Italy again resumes her place among the nations. And we find the
great Germanic family has been sighing for a nationality. That race,
whose overmastering civilization is acknowledged by all the world,
has hitherto been divided into petty Principalities and States, such as
Virginia and South Carolina aspire to be, but now are coming
together and asserting their unity, their national existence, and are
now able to dominate all the nations of Europe. We should then
cherish this idea, that while the States have their rights sacred and
unapproachable, which we should guard with untiring vigilance,
never permitting an encroachment, and remembering that such
encroachment is as much a violation of the Constitution of the
United States as to encroach upon the rights of the general
Government, still bearing in mind that the States are but subordinate
parts of one great nation, and that the nation is over, all even as God
is over the universe. Without entering into any of the consequences
that flow from this doctrine, allow me for to-night to refer to that
great national attribute, that great national duty—the duty and the
power to protect the citizen in the enjoyment of life, liberty, and
property. If the Government of the United States has not the power
to protect the citizens of the United States in the enjoyment of life,
liberty, and property in cases where the States fail, or refuse, or are
unable to grant protection, then that Government should be
amended, or should give place to a better. Great Britain sent forth a
costly and powerful expedition to Abyssinia to rescue four British
subjects who had been captured and imprisoned by the government
of that country. She has recently threatened Greece with war, if she
did not use all her power to bring to justice two brigands who had
lately murdered two British subjects. These things are greatly to the
honor of Great Britain. And our Government threatened Austria with
war if she did not release Martin Kosta, who had declared his
intention to become a citizen of the United States, and was therefore
protected by the Government of the United States. More recently we
have made war upon Corea, a province in Asia, and slaughtered her
people, and battered down her forts, because Americans shipwrecked
upon her coast were murdered and the government had refused to
give satisfaction for it. And if a mob in London should murder half a
dozen American citizens, we would call upon that government to use
all its power to bring the murderers to punishment, and if Great
Britain did not do so, it would be regarded as a cause of war. And yet
some people entertain the idea that our Government has the power
to protect its citizens everywhere except upon its own soil. The idea
that I would advocate, the doctrine that I would urge as being the
only true and national one, flowing inevitably from national
sovereignty, is that our Government has the right to protect her
citizens in the enjoyment of life, liberty, and property wherever the
flag floats, whether at home or abroad.
Speech of Hon. J. Proctor Knott, of Kentucky,

Delivered in the House of Representatives on the St. Croix and


Superior Land Grant, January 21, 1871.
The house having under consideration the joint resolution (S. R.

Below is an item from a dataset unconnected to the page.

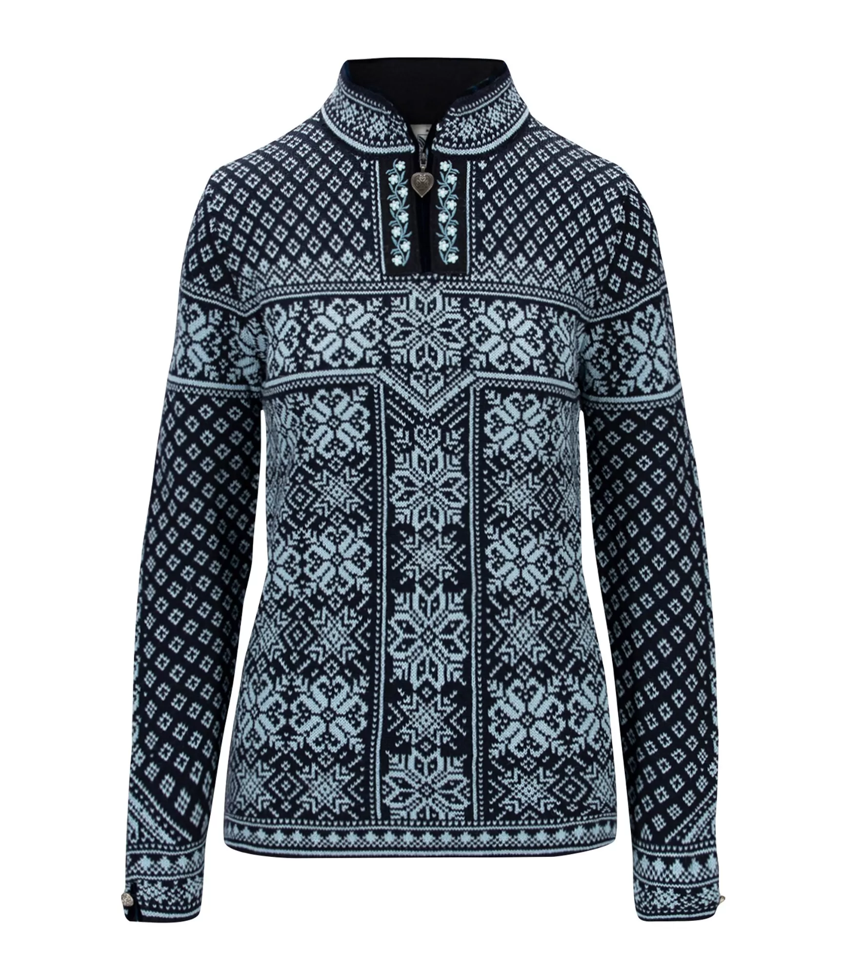 Krāsu kombinācija Navy / Iceblue atspoguļo patieso Norvēģijas ziemas garu: dziļi zilā krāsa atgādina kalnu ēnas, bet gaiši zilā – salnu uz sniega. Klasiskais skandināvu raksts piešķir džemperim raksturu un autentiskumu, tāpēc tas saglabā modi neatkarīgi no gadalaika. Šo džemperi ir viegli kombinēt ar džinsiem, vilnas biksēm vai svārkiem, bet aukstākā laikā – ar termo apakškārtu vai ziemas jaku.

No. 11) extending the time to construct a railroad from St. Croix river
or lake to the west end of Lake Superior and to Bayfield—
Mr. Knott said: Mr. Speaker—If I could be actuated by any
conceivable inducement to betray the sacred trust in me by those to
whose generous confidence I am indebted for the honor of a seat on
this floor; if I could be influenced by any possible consideration to
become instrumental in giving away, in violation of their known
wishes any portion of their interest in the public domain for the mere
promotion of any railroad enterprise whatever, I should certainly feel
a strong inclination to give this measure my most earnest and hearty
support; for I am assured that its success would materially enhance
the pecuniary prosperity of some of the most valued friends I have on
earth; friends for whose accommodation I would be willing to make
almost any sacrifice not involving my personal honor or my fidelity
as the trustee of an express trust. And that act of itself would be
sufficient to countervail almost any objection I might entertain to the
passage of this bill not inspired by any imperative and inexorable
sense of public duty.
But, independent of the seductive influences of private friendship,
to which I admit I am, perhaps, as susceptible as any of the
gentlemen I see around me, the intrinsic merits of the measure itself
are of such an extraordinary character as to commend it most
strongly to the favorable consideration of every member of this
house, myself not excepted, notwithstanding my constituents, in
whose behalf alone I am acting here, would not be benefited by its
passage one particle more than they would be by a project to
cultivate an orange grove on the bleakest summit of Greenland’s icy
mountains.
Now, sir, as to those great trunk lines of railways, spanning the
continent from ocean to ocean, I confess my mind has never been
fully made up. It is true they may afford some trifling advantages to
local traffic, and they may even in time become the channels of a
more extended commerce. Yet I have never been thoroughly satisfied
either of the necessity or expediency of projects promising such
meagre results to the great body of our people. But with regard to the
transcendent merits of the gigantic enterprise contemplated in this
bill, I have never entertained the shadow of a doubt.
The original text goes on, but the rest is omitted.